Wearable health-related devices have grown spectacularly in their market size and range of uses. They vary from simple activity monitors like the FitBit to specialized wearables for monitoring conditions and delivering treatments. Most use wireless or USB connections or both.
The advantage of having both wireless and USB interfaces is flexibility. Someone measuring distance covered while jogging obviously doesn’t want to be tethered by a cable, so communication is usually wireless, most often Bluetooth. However, the devices need to be charged or else have their batteries replaced periodically, and most people find rechargeable devices far more convenient. Even long-life batteries seem to run out at the least convenient time. USB is the most widely supported way to plug into a charger.
The better devices support firmware updates when bugs or security issues are found. Installing updates over USB is faster and more reliable than sending the new code over Bluetooth.
The Continua Health Alliance has defined standards for medical devices that use USB. Devices which aren’t strictly medical vary more. Non-invasive devices that collect health data for personal use generally aren’t subject to medical regulations. Regardless of their regulatory status, any device that people rely on to stay healthy should use high-quality components, cables, and hubs.
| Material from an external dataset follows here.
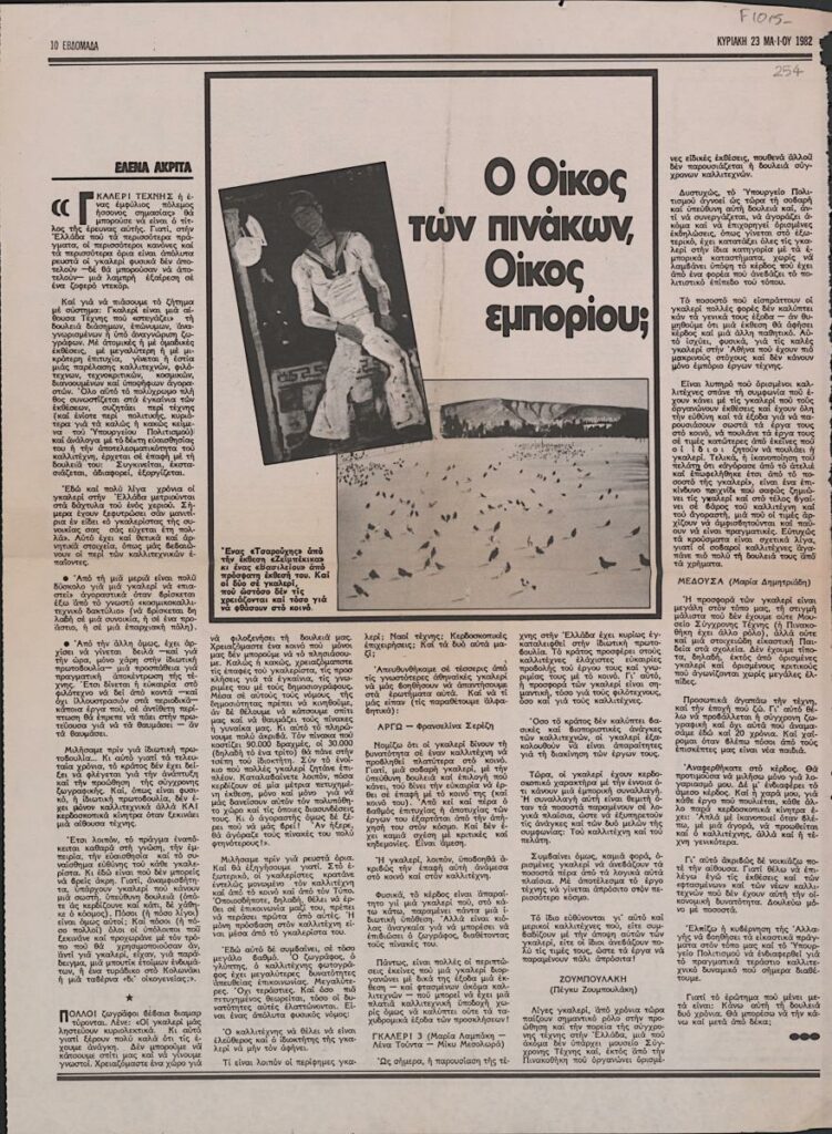 Απόκομμα εφημερίδας (23/05/1982), χαρτί, 43×31 εκ., στα ελληνικά, δημοσίευσης έρευνας για τις ελληνικές γκαλερί. Εξετάζεται κατά πόσο συμβάλλουν στη διάδοση του έργου των καλλιτεχνών, ενώ σχολιάζονται τα κόστη τους. Δίνονται οι απόψεις των Φ. Σερέζη από την “Αργώ”, Μ. Λαμπάκη, Λ. Τούντα, Μ. Μεσολωρά από την “Γκαλερί 3”, Π. Ζουμπουλάκη από την “Ζουμπουλάκη” και Μ. Δημητριάδη από την “Μέδουσα”.

Available under many brand names, fitness bands track physical activity while monitoring heart rate and blood pressure. About 68.2 million of them were delivered in 2019. Many of them recharge with a USB connection.
The COVID-19 pandemic has increased interest in them. People now prefer to minimize their visits to medical offices, and drugstores have shut down their in-store medical equipment. Tracking their vital signs themselves is a safer and more convenient alternative, even if it doesn’t quite give the confidence of seeing a medical professional. The devices let people measure their levels of exercise and motivate them to exercise more.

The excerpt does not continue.